Brzuszki
1. 250 tys. - Tyle brzuszków trzeba zrobić, by spalić 40 gramów tłuszczu. Niezbyt efektywne, prawda? To po prostu nie jest dobra metoda na spalanie tłuszczu.
2. W przypadku brzuszków najbardziej angażujesz mięśnie proste brzucha, mniej zaprzęgając do pracy mięśnie głębokie czy skośne. O legendarnym spalaniu oponki też nie ma mowy.
3. „Ból w odcinku lędźwiowym lub szyjnym kręgosłupa odczuwa nawet 90% populacji – mówi dr Paweł Posłuszny. – W połączeniu z ćwiczeniami zgięciowymi skutkuje to pogłębianiem szkody”.
4. Oldskulowe brzuszki pomogą Ci wzmocnić mięśnie brzucha i... tylko je. Nie izoluj konkretnych grup mięśni – zaproś do pracy całe ciało, np. stosując ćwiczenia w zwisie na drążku. Kręgosłup Ci za to podziękuje.
ZOBACZ: Mięśnie głębokie - dlaczego warto je trenować?
Deska
1. 10 sekund - Przynajmniej tak długo powinieneś wytrwać w pozycji deski, by wpłynąć na siłę mięśni głębokich.
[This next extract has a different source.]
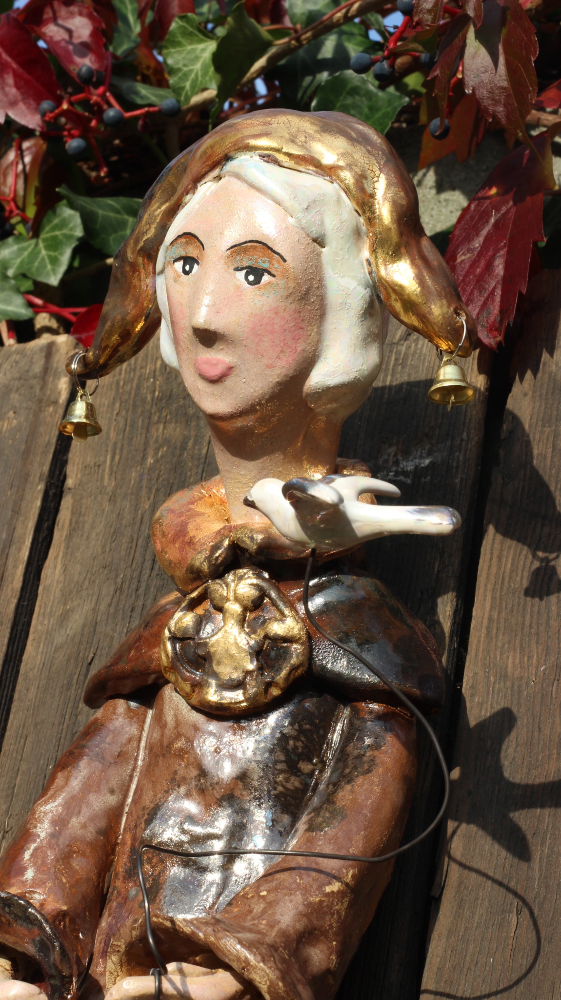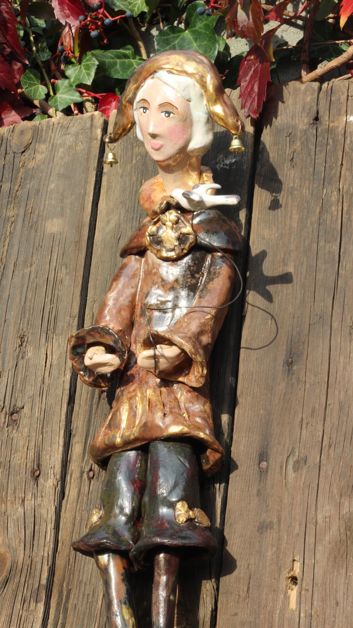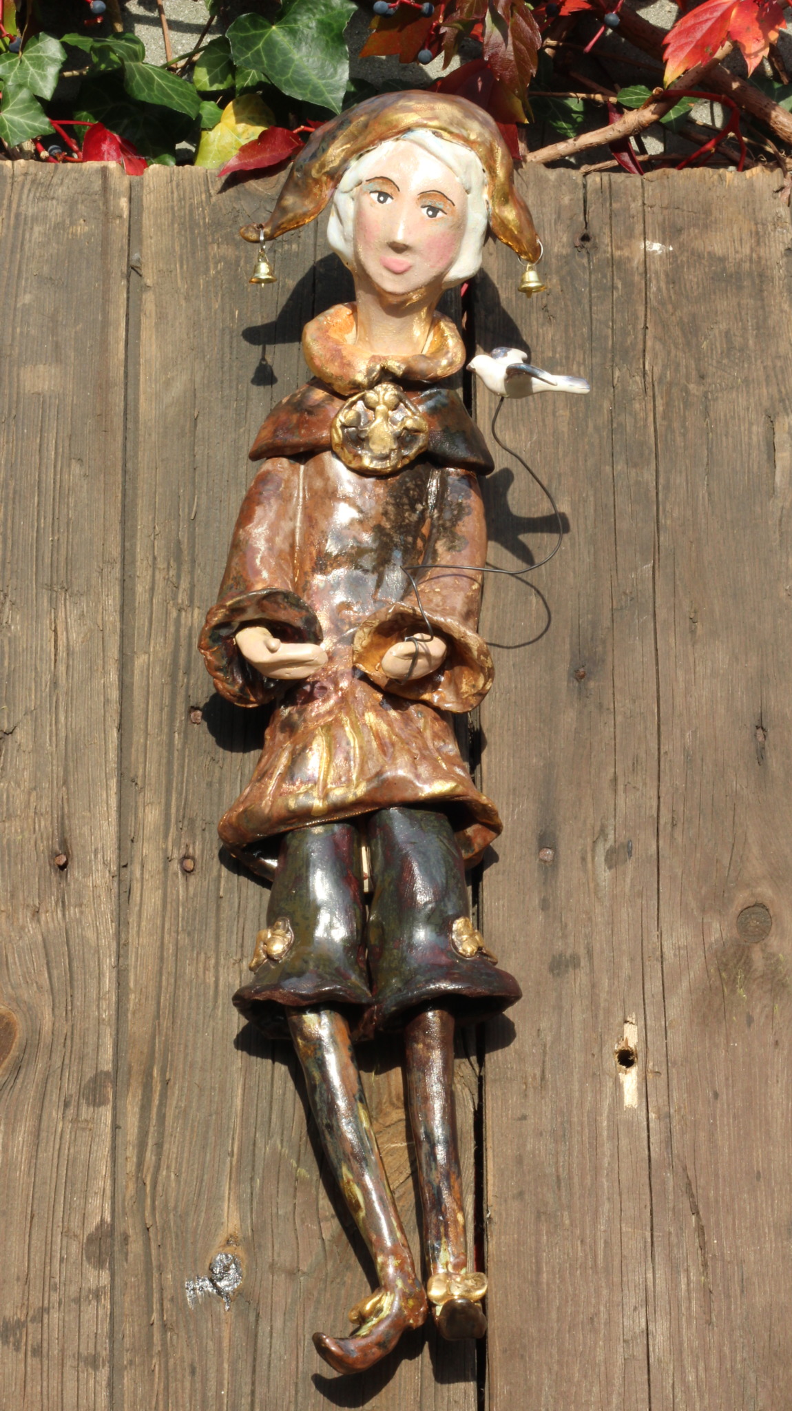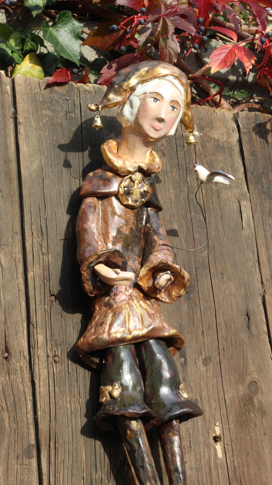 Pierrot wykonany ręcznie z gliny w pojedynczym egzemplarzu. Trzykrotnie wypalany, szkliwiony i w detalach zdobiony metalami szlachetnymi. Stanowi świetną propozycję dla unikatowego prezentu dla bliskiej osoby oraz oryginalną ozdobę ścienną.

Nawet Twoja dziewczyna wymaga więcej.
2. Decha celuje w mięśnie głębokie bardziej efektywnie niż brzuszki, nie obciąża pleców, a jej warianty mogą zaangażować również mięśnie skośne brzucha, ramiona i pośladki. W dechę.
3. Badania na amerykańskich futbolistach wykazały, że regularne wykonywanie deski wzmacnia plecy i wydatnie zmniejsza ryzyko odniesienia kontuzji na placu gry. W przeciwieństwie do brzuchów.
4. Popularna deska aktywuje prawie dwa razy tyle mięśni, co klasyczne brzuszki. Zresztą nie tylko deska. Skośne spięcia brzucha z rowerkiem nogami wywołują aż o 148% większe napięcie mięśni brzucha, i to bez obciążania kręgosłupa.
Werdykt: Brzuszki na deskach!
Nie było nawet blisko. W redakcji strasznie ubolewamy nad faktem, że brzuszki (oficjalnie znane jako siady z leżenia) nadal wśród wielu ludzi cieszą się statusem kultowego ćwiczenia na mięśnie brzucha i na pozbywanie się oponki. Mit, i to szkodliwy. Wyślijmy go w łodzi Charona za Styks.